NEVER KNEW THIS BEFORE
I wonder how many people know about this?
A 36-year-old female had an accident several weeks ago and totalled her car. A resident of Wollongong , NSW,
she was traveling between Wollongong and Sydney .
It was raining, though not excessively, when her car suddenly began to hydroplane and literally flew through the air.
She was not seriously injured but very stunned at the sudden occurrence!
When she explained to the policeman what had happened, he told her something that every driver should know -
NEVER DRIVE IN THE RAIN WITH YOUR CRUISE CONTROL ON.
She had thought she was being cautious by setting the cruise control and maintaining a safe consistent speed in the rain..
But the policeman told her that if the cruise control is on and your car begins to hydroplane --
when your tyres lose contact with the pavement, your car will accelerate to a higher rate of
speed and you take off like an airplane. She told the policeman that was exactly what had occurred.
The policeman estimated her car was actually traveling through the air at 10 to 15 kms per hour faster
than the speed set on the cruise control. The policeman said this warning should be listed, on the driver's seat sun-visor -
NEVER USE THE CRUISE CONTROL WHEN THE PAVEMENT IS WET OR ICY,
along with the airbag warning. We tell our teenagers to set the cruise control and drive a safe speed -
but we don't tell them to use the cruise control only when the road is dry
The only person the accident victim found, who knew this (besides the policeman), was a man who had had a similar accident, totaled his car
and sustained severe injuries
wowzaz thats scary.
Thats actually not entirely true, because the Car will only travel at the limits within what is set for cruise control, The only downside of cruise control in the rain is that if you do hydroplane an you are not used to your car or the consequences linked with it you will not think to tap the brake or turn cruise off to attempt to regain control of your vehicle therefore you will have an accident. from traveling at the designated speed without control so coincidently sliding in whatever direction you end up in at the speed you were going at, +-10km/h...
The Police officer obviously attempted to earn browny points...
But the moral of the story, CruiseControl will not aid or provoke hydroplaining...
Last edited by HoZy; 15-10-2009 at 11:51 AM.
In my world I'm the one an only king, if your searching for the truth then you've got to look within.
Originally Posted by garthOriginally Posted by aussieakito
its been busted.
1. if the car looses traction (which is what happens during aquaplaning) how does it manage to accellerate?

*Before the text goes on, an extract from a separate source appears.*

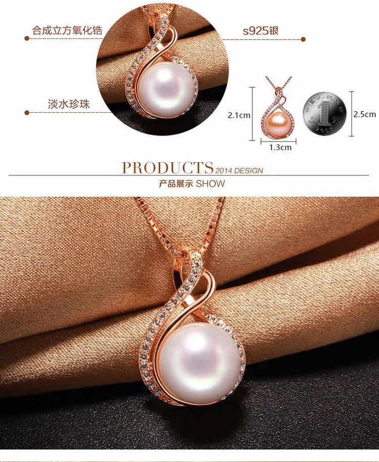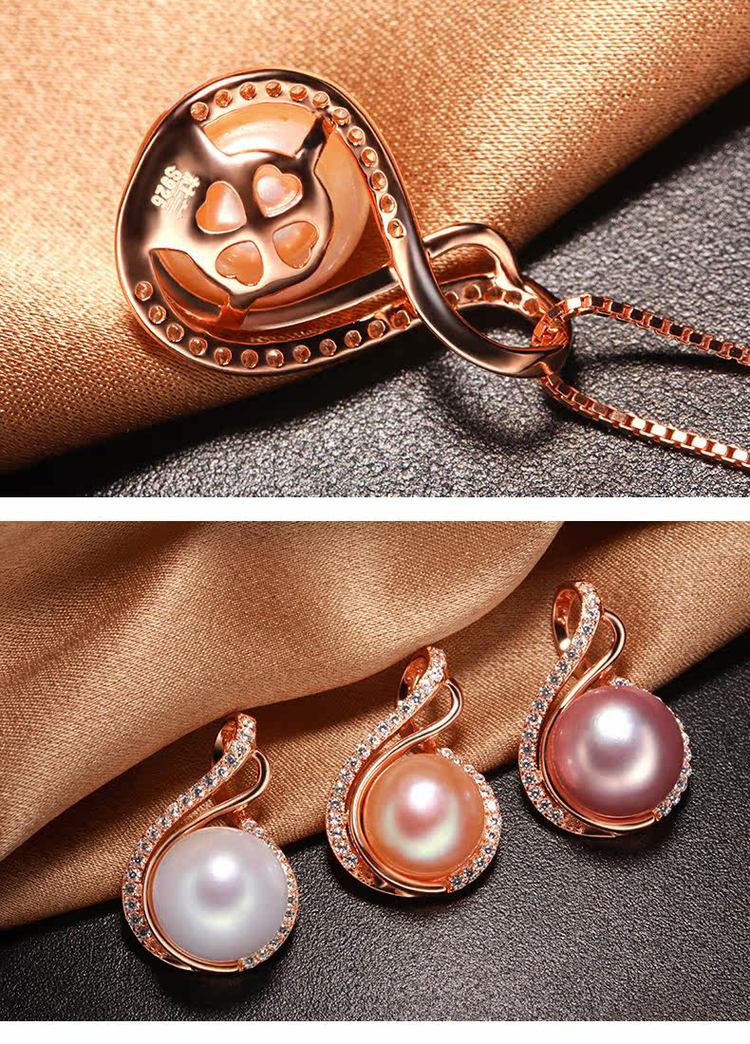 Hanzhu Rose Gold Freshwater Pearl Pendant Necklace with Earrings as a Gift for My Girlfriend’s Mom Dark Orange Pink
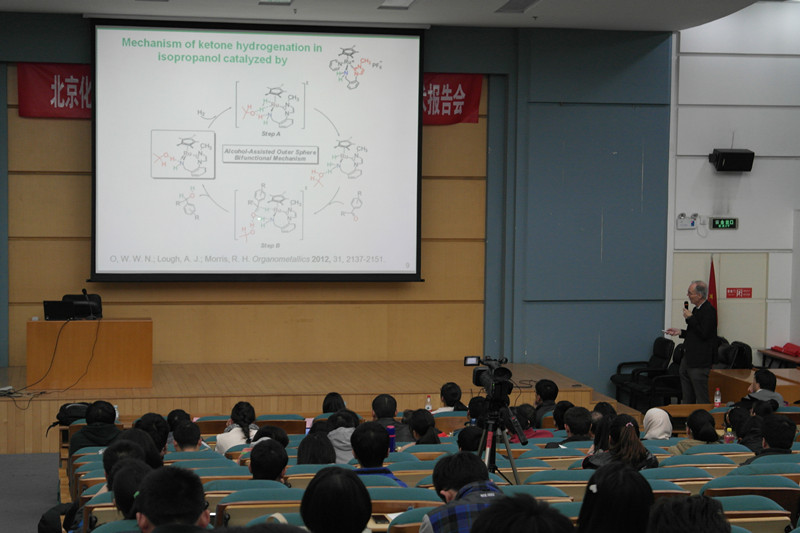 聘任仪式结束后,Morris教授为我校师生作题为“Developing Iron Catalysts for the Efficient Asymmetric Transfer Hydrogenation of Ketones and Imines”的报告。Morris教授从不对称的酮/胺氢化反应课题的研究背景出发,介绍了他们组在开发具有高活性选择性的不对称酮/胺氢化催化剂领域的研究成果。随后Morris教授耐心回答了老师与同学们提出的问题,现场气氛热烈活跃。

2. unless it bounces off something, how does it manage to fly thru the air?
3. If the car is going to aquaplane at a given speed it would not matter if cc was engaged or not.
Yeah, unless her 'cruise control' was a brick on the accelerator, someone has been telling porkies.
When you start to aqua plane... you've lost traction with the road... so you have lost drive... only way for the car to accelerate at this point is either gravity down a hill or magic.
It is dangerous to drive with cruise control on and traction control off. Because then cruise control will remain on and will be trying to keep the wheels going a constant speed. So unless you tap the brakes to disengage it will keep spinning the wheels and make it very hard to regain control of the car.
Last edited by Jesterarts; 15-10-2009 at 12:03 PM.
I drive in the rain with cruise control on all the time. Never had any problems when it's been on.
The way cruise control works is by checking the speed and comparing it to what cruise is set at and adjusting the throttle accordingly. Thus, is your wheels start spinning faster your speed goes up (same when you do a burnout) and it reaches the speed quicker where it limits the throttle. There is no way for a properly working cruise control module to put you over the speed limit even when there is no traction, unless it's on a down hill slope.
I want to know why police are suggesting to not use cruise on wet and icy pavements? Surely it is safer to stay off the footpaths?
Sounds like an American story twisted to suit Australia. Still trying to work out how exactly a car accelerates magically because cruise is set when aquaplaning...not like the wheels can spin any faster.